Data provided:
----------------------------------------

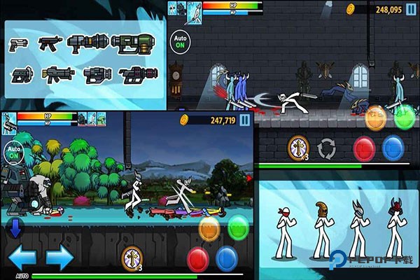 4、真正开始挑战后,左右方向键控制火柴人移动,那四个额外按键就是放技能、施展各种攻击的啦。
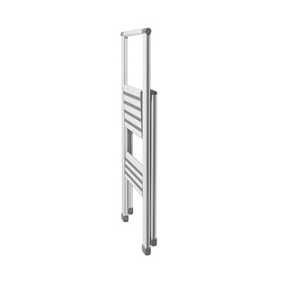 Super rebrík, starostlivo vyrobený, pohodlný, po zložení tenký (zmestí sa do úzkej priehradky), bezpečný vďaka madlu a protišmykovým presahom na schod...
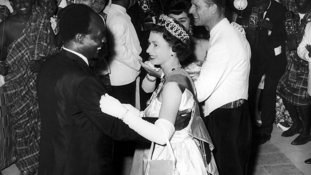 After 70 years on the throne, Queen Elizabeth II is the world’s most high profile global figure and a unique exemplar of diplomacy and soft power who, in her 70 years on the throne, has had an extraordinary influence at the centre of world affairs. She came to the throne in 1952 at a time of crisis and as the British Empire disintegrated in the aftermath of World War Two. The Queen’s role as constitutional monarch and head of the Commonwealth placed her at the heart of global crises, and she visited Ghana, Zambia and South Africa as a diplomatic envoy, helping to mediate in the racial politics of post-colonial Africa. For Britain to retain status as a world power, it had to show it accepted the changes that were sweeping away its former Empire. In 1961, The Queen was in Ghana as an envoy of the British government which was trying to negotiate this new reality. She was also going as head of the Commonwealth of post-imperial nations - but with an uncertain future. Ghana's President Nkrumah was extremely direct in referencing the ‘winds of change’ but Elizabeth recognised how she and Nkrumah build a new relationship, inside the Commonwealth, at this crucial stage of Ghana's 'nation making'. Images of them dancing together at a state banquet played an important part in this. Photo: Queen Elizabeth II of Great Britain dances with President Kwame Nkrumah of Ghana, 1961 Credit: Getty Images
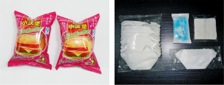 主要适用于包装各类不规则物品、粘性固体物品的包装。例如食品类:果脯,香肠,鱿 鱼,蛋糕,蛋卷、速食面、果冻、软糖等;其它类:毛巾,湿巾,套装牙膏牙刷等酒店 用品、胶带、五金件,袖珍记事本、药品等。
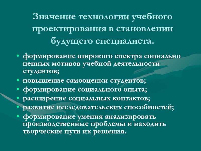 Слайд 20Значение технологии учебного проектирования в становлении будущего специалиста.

----------------------------------------

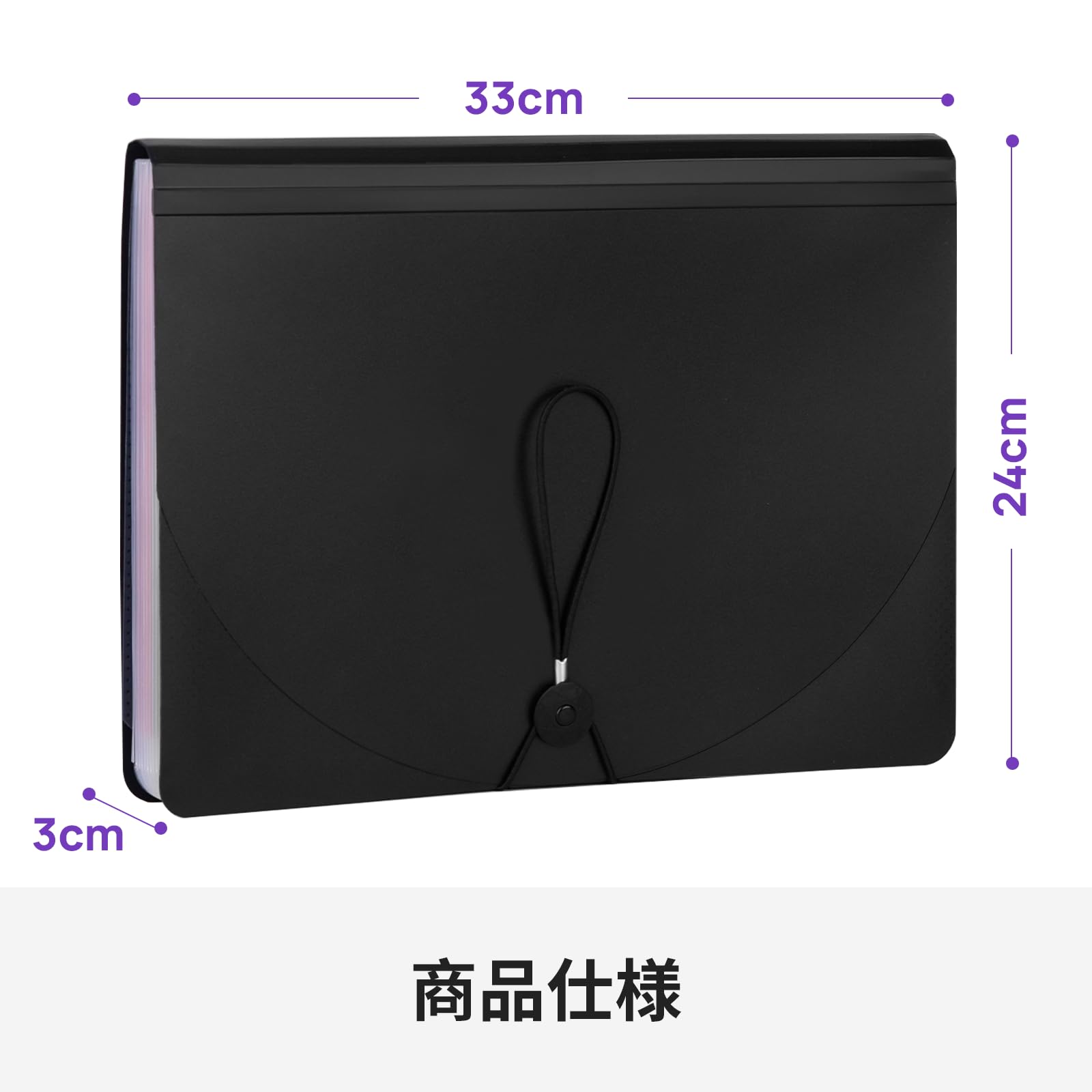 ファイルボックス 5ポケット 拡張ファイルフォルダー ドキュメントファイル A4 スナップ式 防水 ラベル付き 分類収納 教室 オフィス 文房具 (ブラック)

----------------------------------------

Exercise objective: Which part of the entries opens with the line containing "4、真正开始挑战后,左右方向" and closes with the line containing "Super rebrík, starostlivo"? Output that part exactly, ends included, pictures excluded.

Response to the exercise:
 4、真正开始挑战后,左右方向键控制火柴人移动,那四个额外按键就是放技能、施展各种攻击的啦。
 Super rebrík, starostlivo vyrobený, pohodlný, po zložení tenký (zmestí sa do úzkej priehradky), bezpečný vďaka madlu a protišmykovým presahom na schod...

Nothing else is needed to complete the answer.